Semiclassical analysis of Dirac fields on curved spacetime

TL;DR

This paper develops a semiclassical framework for Dirac fields in curved spacetime, incorporating spin effects and electromagnetic interactions, leading to effective equations describing phenomena like the gravitational spin Hall effect.

Contribution

It introduces a Wentzel-Kramers-Brillouin approximation for Dirac fields on curved backgrounds, deriving spin-dependent ray equations and connecting them to the Mathisson-Papapetrou equations.

Findings

Derived effective ray equations with spin-dependent terms.

Showed the role of Berry connection and curvature in semiclassical dynamics.
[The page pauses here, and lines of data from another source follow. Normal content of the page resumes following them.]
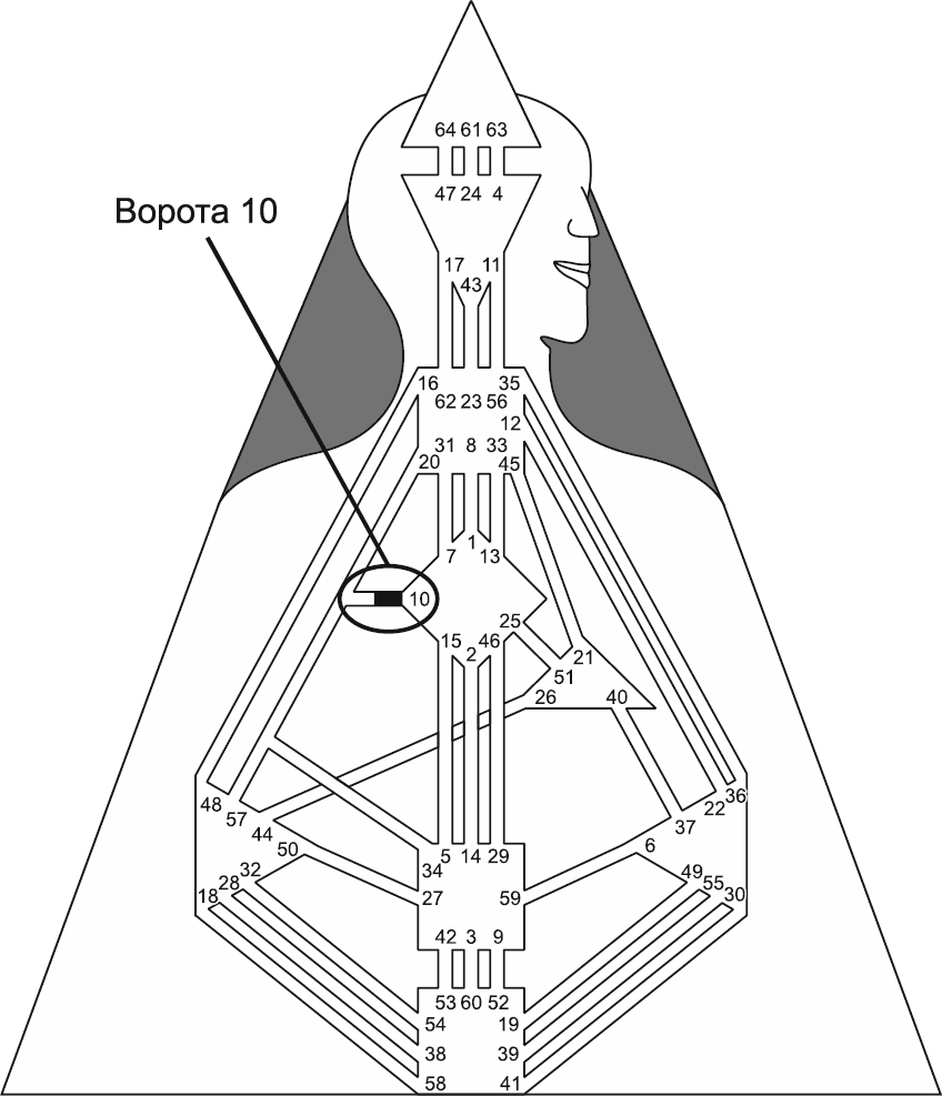 Ворота 10 – одни из наиболее значимых в Дизайне Человека (рис. 60). Они взаимосвязаны с Эго и ассоциируются с получением новых возможностей.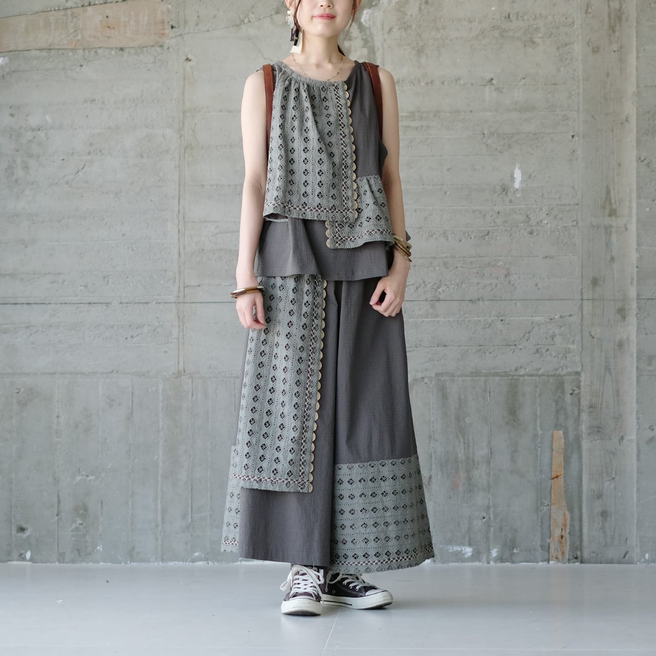 コットン生地の素朴さと相まってアンティークのオートクチュールのよう。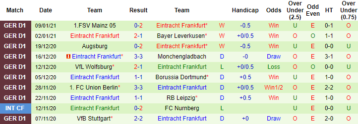 + Thống kê 10 trận gần nhất của Eintracht Frankfurt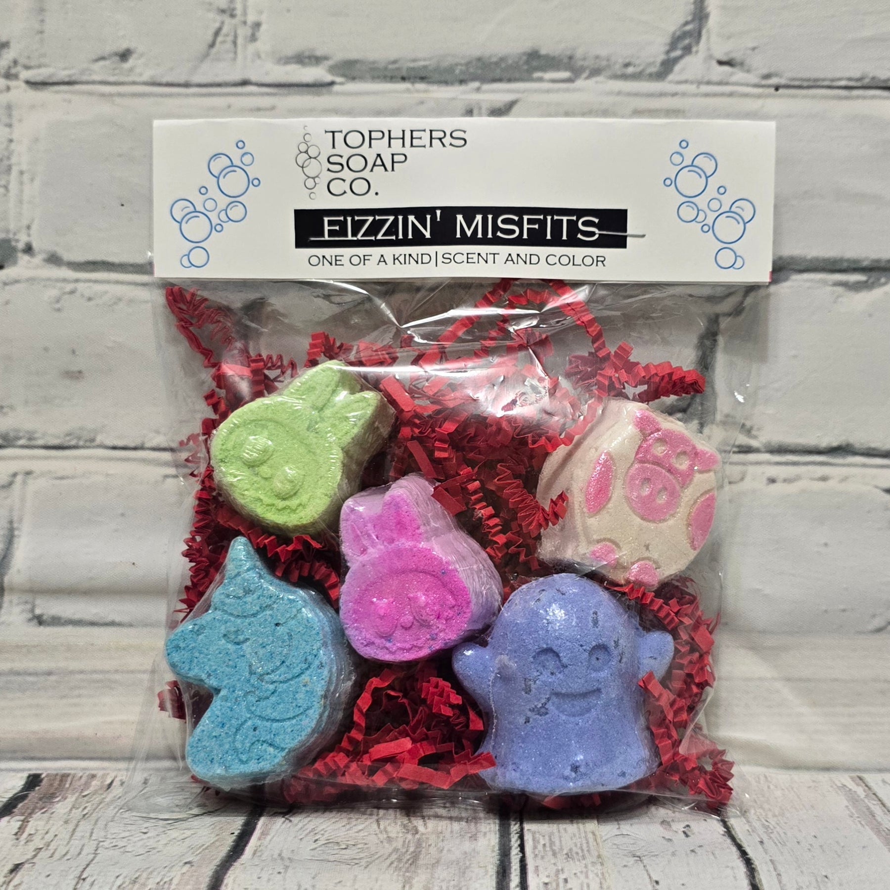 Meet the Fizzin' Misfits — the quirky, colorful rebels of the bath bomb world. Crafted from the extra bits of past premium batches, these vibrant fizzers might not win a beauty contest, but they bring the same skin-loving ingredients and luxurious fizz as our top-tier classics.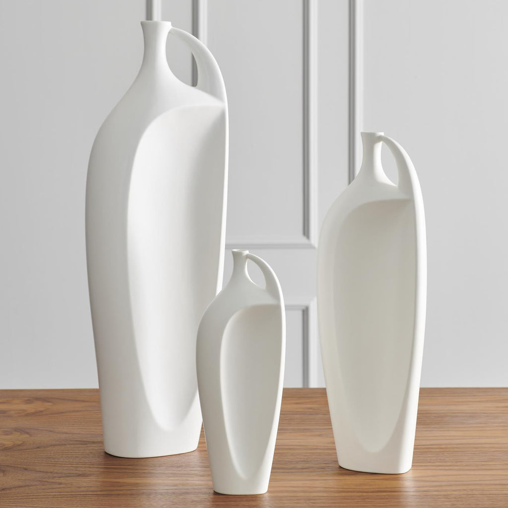 Handcrafted in Portugal, one side of this vase features an indentation, the other side follows the natural curve of the vase. Available in three sizes.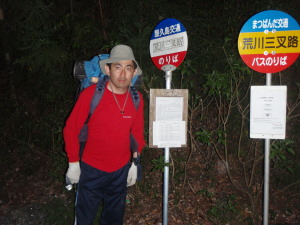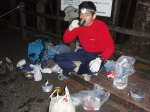 ライトをつけながらここから屋久杉ランドまで歩きます。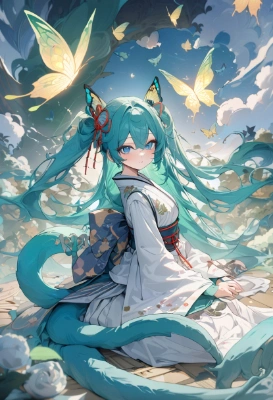 masterpiece, best quality, extremely detailed 1girl, hatsune miku, vocaloid, masterpiece, best quality, rating: general, newest ,tail,longhair,blue eyes,blue hair,green hair,dream,makeup,fantasy,butterfly,t,t,t, <lora:bigeye:1> <lora:gloweyes_v100:1>,Japanese style, makeup, dream,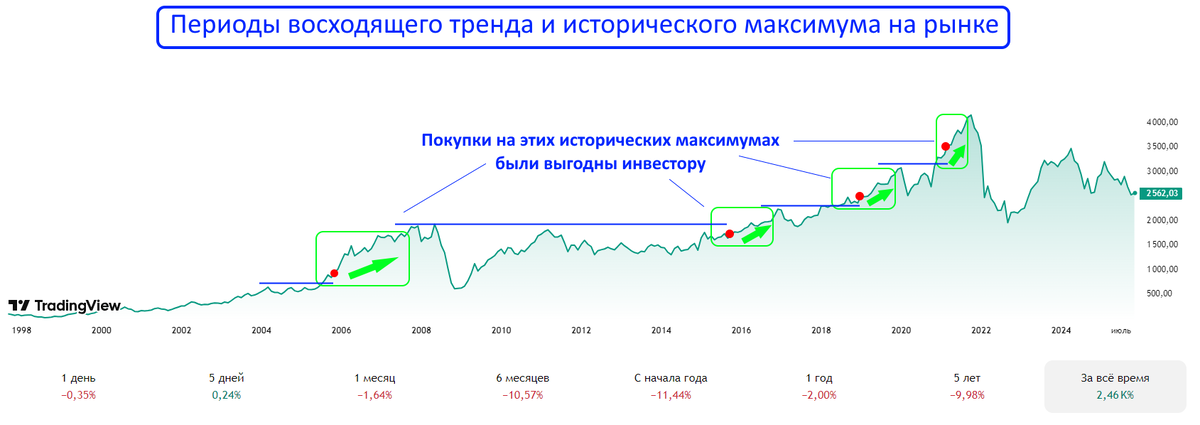 Если проанализировать динамику рынка, мы увидим, что покупка на исторических максимумах с точки зрения последующей доходности почти не отличается от покупки в любой случайный день. Более того, такие покупки часто бывают выгодны: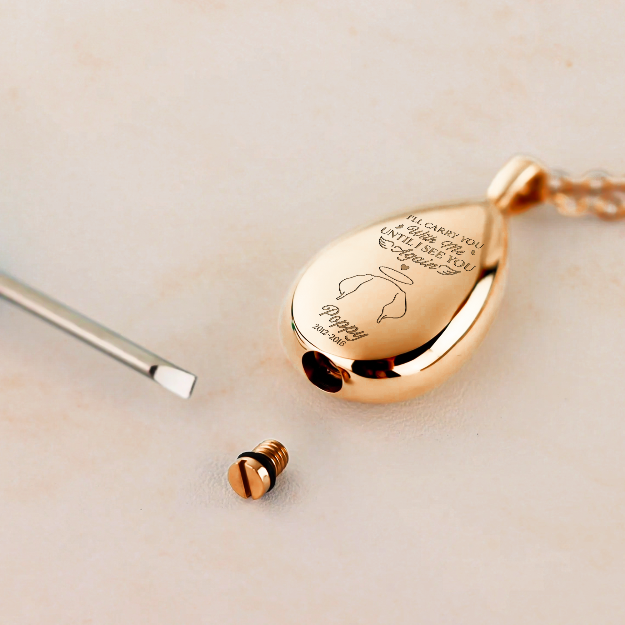 Express your deepest sentiments with this thoughtful keepsake necklace, offering a meaningful way to celebrate the life and enduring spirit of your beloved pet. Keep their memory alive and close to your heart, ensuring they are unforgettable and forever cherished.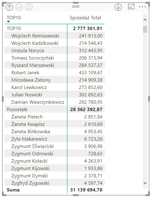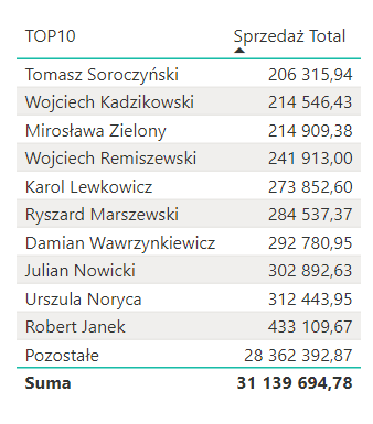 TOP10 = if(RANKX(ALL(Klienci);[Sprzedaż Total])<=10;Klienci[Klient];"Pozostałe")

Connected gravitational spin Hall effect to classical spinning particle equations.

Abstract

We present a semiclassical analysis for Dirac fields on an arbitrary spacetime background and in the presence of a fixed electromagnetic field. Our approach is based on a Wentzel-Kramers-Brillouin approximation, and the results are analyzed at leading and next-to-leading order in the small expansion parameter $\hbar$. Taking into account the spin-orbit coupling between the internal and external degrees of freedom of wave packets, we derive effective ray equations with spin-dependent terms. These equations describe the gravitational spin Hall effect of localized Dirac wave packets. We treat both massive and massless Dirac fields and show how a covariantly defined Berry connection and the associated Berry curvature govern the semiclassical dynamics. The gravitational spin Hall equations are shown to be particular cases of the Mathisson-Papapetrou equations for spinning objects.